── Records shown ──

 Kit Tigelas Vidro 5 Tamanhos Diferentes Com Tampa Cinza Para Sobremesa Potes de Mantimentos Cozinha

───
── Records shown ──

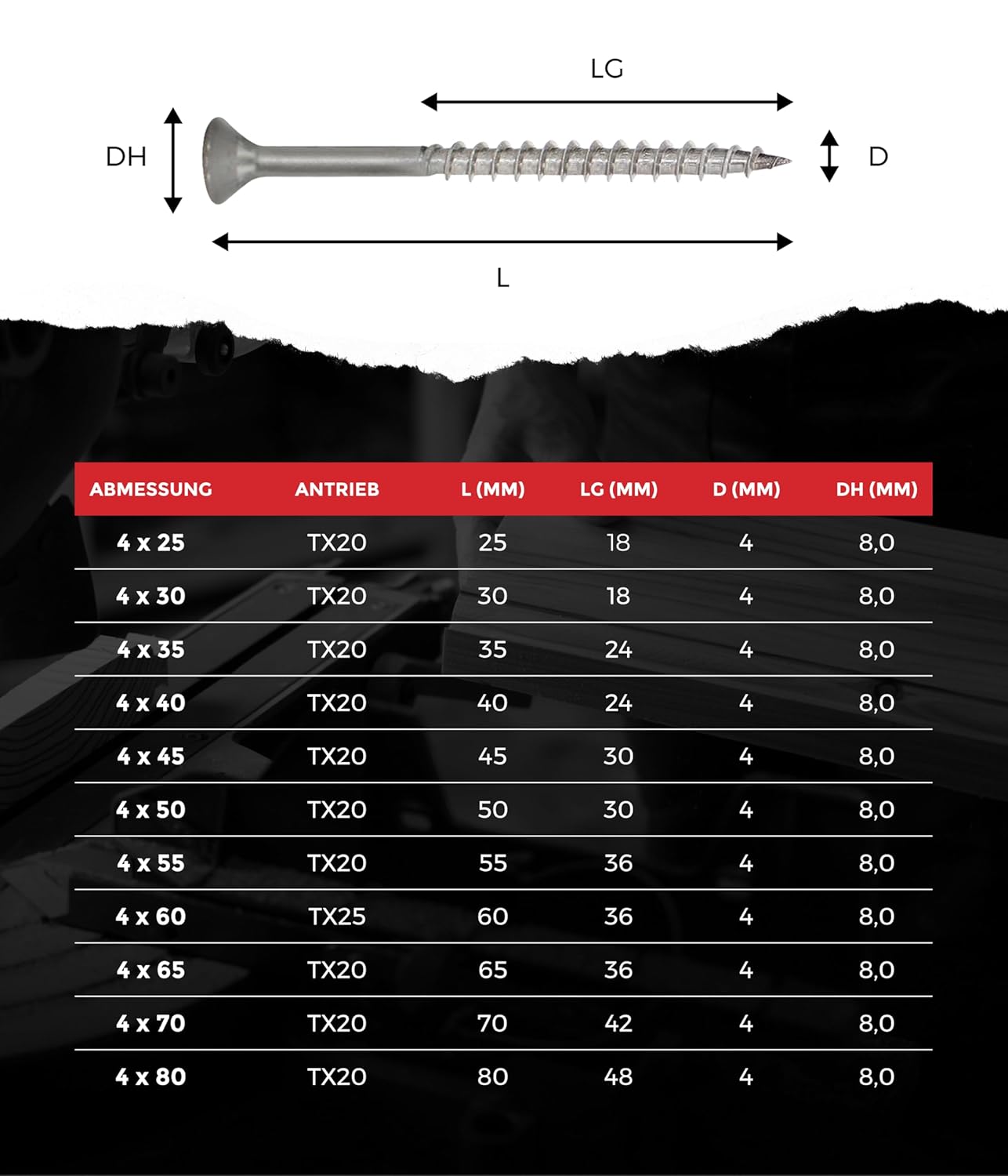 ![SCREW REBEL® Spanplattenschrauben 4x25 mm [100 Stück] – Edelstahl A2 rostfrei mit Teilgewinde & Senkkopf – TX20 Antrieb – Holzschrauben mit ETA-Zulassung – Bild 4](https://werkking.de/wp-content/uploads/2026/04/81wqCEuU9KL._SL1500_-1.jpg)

───
── Records shown ──

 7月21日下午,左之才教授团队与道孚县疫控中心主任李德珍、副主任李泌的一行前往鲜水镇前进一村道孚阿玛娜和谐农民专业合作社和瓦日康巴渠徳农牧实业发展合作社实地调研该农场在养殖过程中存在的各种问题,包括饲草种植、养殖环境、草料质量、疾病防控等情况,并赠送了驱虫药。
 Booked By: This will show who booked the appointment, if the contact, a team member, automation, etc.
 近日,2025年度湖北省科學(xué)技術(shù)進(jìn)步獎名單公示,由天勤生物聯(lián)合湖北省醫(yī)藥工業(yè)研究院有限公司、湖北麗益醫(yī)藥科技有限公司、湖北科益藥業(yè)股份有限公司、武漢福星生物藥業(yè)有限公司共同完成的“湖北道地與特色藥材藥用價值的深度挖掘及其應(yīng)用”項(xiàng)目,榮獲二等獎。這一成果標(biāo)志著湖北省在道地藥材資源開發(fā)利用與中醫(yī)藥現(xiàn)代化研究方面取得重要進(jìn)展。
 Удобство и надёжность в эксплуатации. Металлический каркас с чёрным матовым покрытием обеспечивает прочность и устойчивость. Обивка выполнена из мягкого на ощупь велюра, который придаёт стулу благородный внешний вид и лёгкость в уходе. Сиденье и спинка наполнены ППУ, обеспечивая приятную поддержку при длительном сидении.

───

## What you should do
Nothing should appear in the answer except the lines above from the line with "7月21日下午,左之才教授团" through the line with "Удобство и надёжность", both included, written out exactly.

## Answer to this problem
 7月21日下午,左之才教授团队与道孚县疫控中心主任李德珍、副主任李泌的一行前往鲜水镇前进一村道孚阿玛娜和谐农民专业合作社和瓦日康巴渠徳农牧实业发展合作社实地调研该农场在养殖过程中存在的各种问题,包括饲草种植、养殖环境、草料质量、疾病防控等情况,并赠送了驱虫药。
 Booked By: This will show who booked the appointment, if the contact, a team member, automation, etc.
 近日,2025年度湖北省科學(xué)技術(shù)進(jìn)步獎名單公示,由天勤生物聯(lián)合湖北省醫(yī)藥工業(yè)研究院有限公司、湖北麗益醫(yī)藥科技有限公司、湖北科益藥業(yè)股份有限公司、武漢福星生物藥業(yè)有限公司共同完成的“湖北道地與特色藥材藥用價值的深度挖掘及其應(yīng)用”項(xiàng)目,榮獲二等獎。這一成果標(biāo)志著湖北省在道地藥材資源開發(fā)利用與中醫(yī)藥現(xiàn)代化研究方面取得重要進(jìn)展。
 Удобство и надёжность в эксплуатации. Металлический каркас с чёрным матовым покрытием обеспечивает прочность и устойчивость. Обивка выполнена из мягкого на ощупь велюра, который придаёт стулу благородный внешний вид и лёгкость в уходе. Сиденье и спинка наполнены ППУ, обеспечивая приятную поддержку при длительном сидении.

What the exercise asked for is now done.